Here’s a fun science fact for the day: down in the ocean’s darkest, coldest depths, an area we’ll call Davy Jones’ sub-locker, exist species of deep-sea anglerfish whose males have evolved their way into a permanent form of conscious coupling.
On finding a suitable partner, these fellas spew out an enzyme that melts the skin, his and hers, and fuses their bodies into a single organism; they share all of their meals, circulate the same blood, and enjoy one another’s good parts in tandem.
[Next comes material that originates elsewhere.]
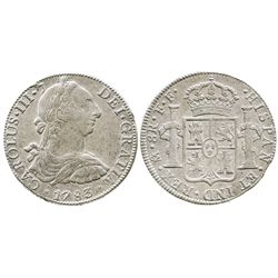 Mexico City, Mexico, bust 8 reales, Charles III, 1783FF. KM-106.2; CT-933. 24.4 grams. Typically silvery but with decent XF details, very light surfac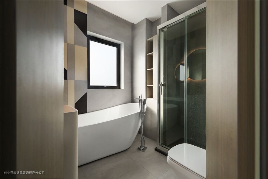 卫生间的设计比较前卫,墙面以不规则的几何砖拼接,用三种颜色搭出设计感。化妆镜是大小圆组合,搭配上灯带,更有氛围感。 台盆区选择了轻巧小型的面板+台上盆,尾部放了智能马桶、淋浴房和浴缸,可以满足屋主多种洗浴需求。浴缸墙挖出壁龛,用来存放日常洗漱物品,方便洗澡使用。

Gross! Romantic, too, if you view romance and codependence through the same lens.
For Tim (Dave Franco), one half of the leading duo in Together, an uncommon contemporary example of male-facing body horror from director Michael Shanks, it’s just gross.
His overreliance on, and ambivalence toward, his longtime girlfriend, Millie (Alison Brie), isn’t sourced from physical aversions, exactly; later on in the film, he confides to Millie his memory of walking in on his parents in bed, and finding that his father had died some number of days prior while his mother kept going to sleep next to his mouldering corpse.
The psychic impression that discovery made on him explains his paralyzing fear of cohabitation and commitment, the keys to the film’s plot and motifs, but its spiritual effect naturally comes to encompass new corporeal realities for Tim and for Millie.
As the story opens, Millie has just gotten a job teaching elementary school English in the countryside, and Tim, reluctant but loyal, goes along with her, leaving his musician dreams behind. He adjusts poorly to his new environment; you can take the man out of the city, but boy you sure can’t take the city out of the man.

Tim doesn’t know how to effectively use a compass, build a fire, or blaze a trail in the woods, no matter how much Man vs. Wild he’s mainlined. (He knows how to sniff out a rat king, to his credit, and has the mettle to dispose of one, too.) His sciolism is charming, until the pair find themselves stuck in a pit cave during a rainstorm. At that point, the charm is replaced with a newfound magnetic pull toward Millie that Tim starts to experience once the weather abates and they safely climb back to daylight.
Even acknowledging the couple’s declining intimacy, this inexorable attraction is a bit much for her, but this is what happens when you drink water from strange subterranean pools, as did poor Tim, thirsty and absent a better option on their unintended overnight in the dirt.
He crosses a line by tracking her down at her job, and though she’s outraged at first, her husband’s sudden sexual pull is too much for her to resist; they have sex in a stall in the boys’ bathroom as students loudly enjoy recess outside the facility’s walls. Happily flustered at first, Tim and Millie find the same sexual pull nearly impossible to detach from: their genitals, like those frumpy old anglerfishes, have bonded, like they accidentally reached for the Elmer’s instead of the Good Clean Love.
Shanks doesn’t explicate the “what” of the cave. He leaves the mystery intact as a fun treat for his viewers, knowing full well that the “what” is less interesting than its consequences: that Tim literally can’t stay away from Millie when he’s in the “what’s” thrall, and that if they make contact with one another, their bodies will begin to fuse, well: together. (Hey, that’s the name of the movie.)

The basic conceit is played chiefly for the combined genre pleasure of gross-out terror, with ancillary displays of high anxiety and gallows humor. The bathroom sex scene squeamishly evinces the former; a second act beat where Tim and Millie snort muscle relaxants to foil their unwanted conjoinment emphasizes the latter. The scene’s frenzied sincerity evokes the deranged energy of The Wolf of Wall Street’s Lemmon Quaaludes sequence, plus the self-awareness baked into the DNA of Community, the meta-textual NBC sitcom that gave Brie her breakthrough.
That Shanks’ comic tastes mesh so cleanly with his visceral appetites suggests an innate appreciation for how funny and uncanny men’s bodies can be, and especially that both sensations share an inextricable relationship; one cannot fully admire Robin Williams’ impression of a penis if one does not react with a full body cringe to slides of a passing kidney stone.
When Tim vocalizes the roots of his neuroses, that nightmare image of his mom’s manic smile and tear-streaked cheeks, and his dad’s festering body, a phallus-centric view of his masculine identity isn’t one of them. But Together ultimately reflects Tim’s concerns, about the subsumption of his individual identity by his relationship to Millie, through physical transformation. He isn’t afraid of losing his balls. If his truest fear comes to pass–if he ceases to be “Tim” and becomes “Millie’s boyfriend,” much less her fiancé, instead–he’ll lose them all the same. Just like that anglerfish.